The number of spleen and LN cells, as well as engrafted thymic cells, was significantly higher in HU/HU mice compared to SW/HU mice (Figures 9A and 9G). The proportions of DP cells (CD4+ CD8+ double positive) and SP cells (SP-CD4 or SP-CD8 single positive) were similar in the grafted thymus between HU/HU and SW/HU mice (Figure 9B). A functional thymus must have a greater proportion of DP cells than SP cells.

[00169] In addition, the fraction of Tregs (regulatory T cells) in cells

SP-CD4 were similar (Figure 9C). The proliferation level (Ki67+) of SP-CD4 and Treg cells was greater in the SW/HU thymus compared to the HU/HU thymus (Figures 9D and 9F). Furthermore, the highest fractions of SW/HU thymic Tregs expressed CD45RO (Figure 9E).

[00170] Unlike similar levels of SP-CD4 and SP-CD8 cells in the thymus, SW/HU mice had lower proportions of CD8 cells among T cells and also Tregs among peripheral CD4 cells (spleen and lymph nodes , Figures 9I-9K). This discovery showed that these two subsets of cells need to interact with the same MHC in which they were selected for their survival. It was observed that there was a higher rate of memory-naïve conversion in both CD4 and CD8 cell subsets in the periphery of SW/HU mice (Figures 9L and 9M). The proportions of Ki67+ (proliferating) (Figure 9O), HLA-DR+ (activated) (Figure 9N), CD45RO+ (Figure 9P) and CTLA-4+ cells (Figure 9Q) within peripheral CD4, CD8 and Treg cells were not different between HU/HU and SW/HU.

[00171] These results further demonstrated the need to use a hybrid thymus. Example 5- Generation of hybrid thymus with TECs derived from embryonic stem cells (ES-TECs) and long-term persistence of human TECs in the hybrid thymus Methods

Human fetal or pediatric thymic stromal cells (hu-TECs) or progenitors of hPSC-TEC (1-2x105 TECs) were injected into fetal pig thymus tissue (SW THY) prior to implantation under the renal capsule of NSG mice immunodeficient and undergoing thymectomy (Nod/Scid/Ilr2g-/-), which were injected intravenously with 2x105 human fetal liver-derived CD34+ cells. Controls were implanted with fetal pig thymus tissue not injected with human ECTs.

[00173] At about 20 weeks after transplantation, the grafted thymus was removed, sectioned and stained to detect human ECTs using confocal two-photon microscopy.

[00174] The cells were then released from the stroma and the cell number determined by flow cytometry. Results

[00175] As shown in Figure 10, there was a long-term persistence (more than 20 weeks) of human TECs in “hybrid thymus”. As shown in Figure 10A, all grafts, including pig thymus not injected with human TECs (upper left panel), have HSC-derived human HLA-DR+ APCs (green) and CK14+ pig/human TECs (red).
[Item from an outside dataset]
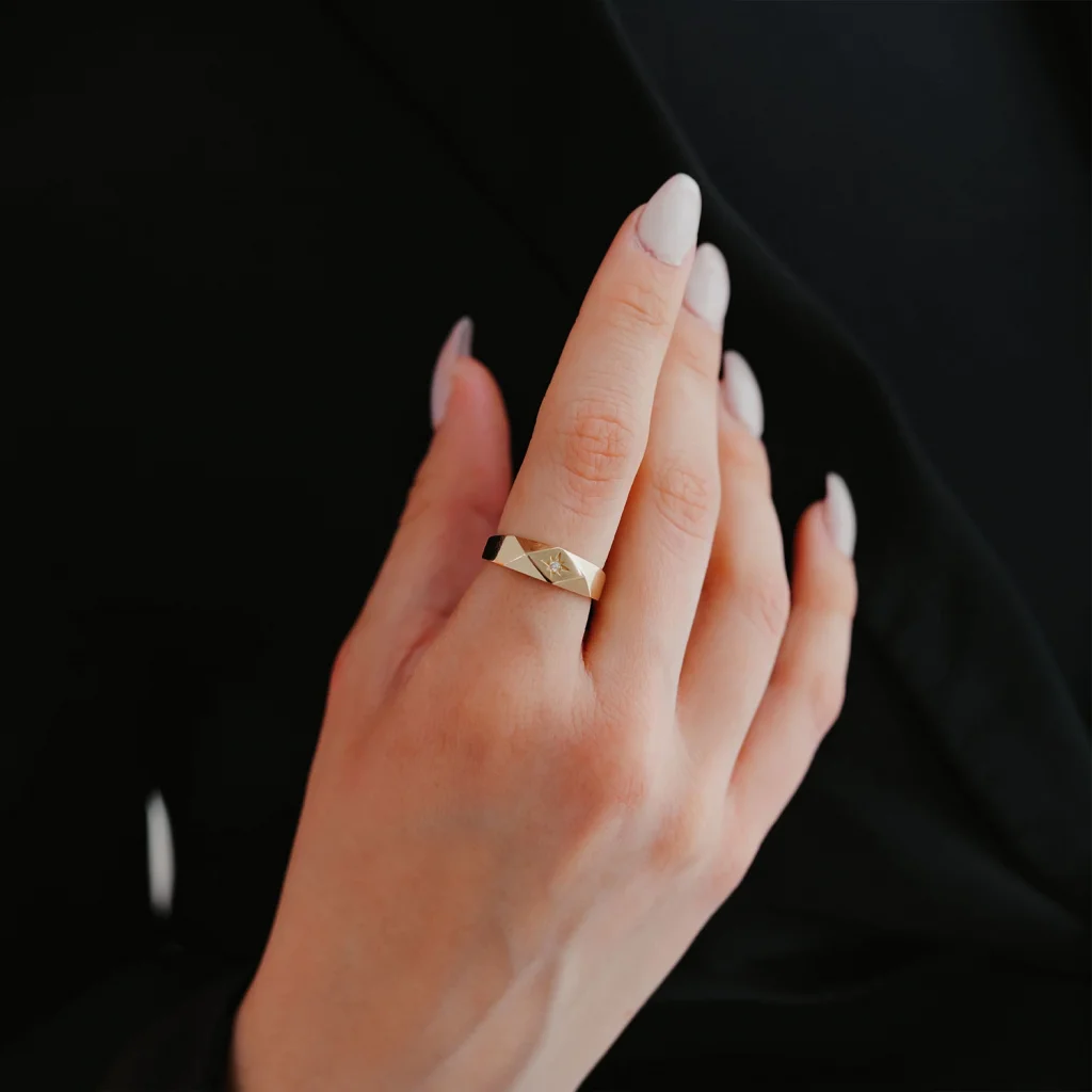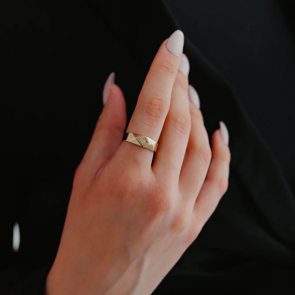 2,06 Gram 14 Ayar Mineli Kutup Yıldızlı Prizma Altın Yüzük AAYZK072
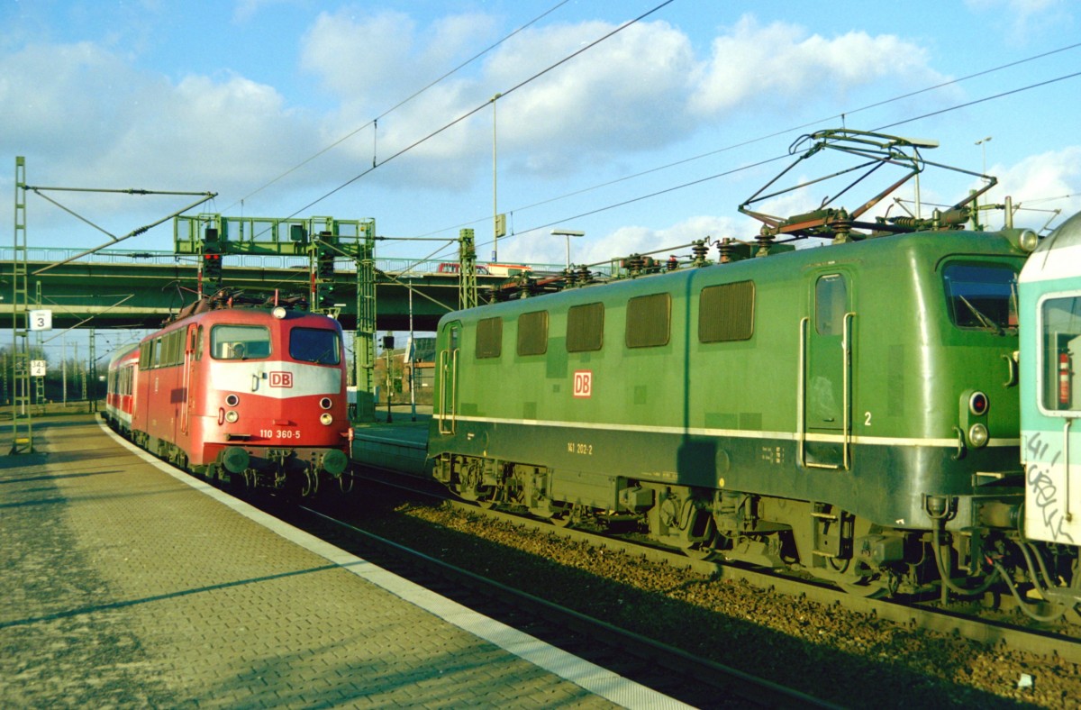 110 360 mit RE 3330 (Hamburg–Bremen) und 141 202 mit SE 5347 (Tostedt–Hamburg) am 24.02.1999 in Hamburg-Harburg

However, only the latter hybrids have detectable HLA-DR+ CK14+ human TECs (yellow color, see arrows).

Representative flow cytometry staining of CD45 negative cells in digested stroma of several long-term thymic grafts showed the presence of CD105 negative hu-TECs, EPCAM+, only in the human thymus (Figure 10B, upper right corner) and grafts SW that had been injected with hPSC-TEC progenitors (Figure 10B, lower left panel), but not in the uninjected SW THY grafts (Figure 10B, upper left). See also Figure 10C. Example 6- Injection of hES-TECs in the swine thymus promoted an increase + in the development of T cells and an increase in peripheral CD4 and CD8+ T cells Methods

[00177] hES-TEC (1-2x105 TECs) were injected into fetal swine thymic tissue (SW THY) prior to implantation under the renal capsule of thymectomized immunodeficient NSG mice (Nod/Scid/Ilr2g-/-), which had injected intravenously with 2x105 human fetal liver-derived CD34+ cells. Controls were implanted with fetal pig thymus tissue not injected with human ECTs.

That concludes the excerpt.